人手不足を解消するには? いや増す「人材への投資」の重要性
事業と人材のループを強める
皆さんは人事戦略が進んでいる会社としてどのようなところが頭に浮かぶでしょうか。本書の紹介を参照すると、社員を自律的なプロフェッショナルと考えるSOMPOグループや、社員の挑戦や自律的なキャリア形成を尊重するロート製薬などは、先進的な取り組みに積極的だと言えそうです。 また、メガベンチャーからはメルカリやサイバーエージェントも、先進的な人事制度が多い印象があります。それぞれ優れたビジネスモデルがあることに加えて、実際に人材力の点でも評判が高く、まさに人材戦略が経営戦略をドライブしている好例だと考えられます。 最近私自身、事業活動の中で、人事部門の責任者にお会いする機会が多くあります。
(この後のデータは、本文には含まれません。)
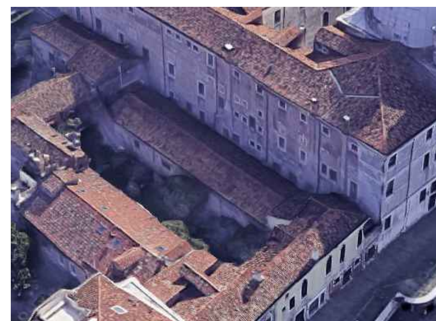
SP1 Ex magazzino SPA

その打ち合わせの印象から、この会社はいきいきと働いている人が多そうだと感じることがあります。もし自分が投資家の立場であれば、将来有望な企業を見つけていくためにはCEOやCFOだけでなくCHROにも会いたいと考えるだろうと感じました。 海外の先進国と比べて日本の給与水準は相対的に低迷しています。優秀な人材を惹きつけるためには、今後国内企業も海外を含めた同業他社を意識した給与水準を提供することが求められます。ただ、やみくもに給与を上げるのではなく、人材の能力開発を真剣に進めていった上でその能力に見合った給与水準にしていくことが自然な形だと言えます。 経営者が持つべき基本的な素養としても、事業戦略や財務戦略に加えて、今後は間違いなく人事・人材戦略が求められていくでしょう。その中核となる人的資本経営の基礎を理解するために、本書は適切な指針になります。今後経営層を目指す方や、組織を束ねる役割を担う方に、ぜひおすすめしたい一冊です。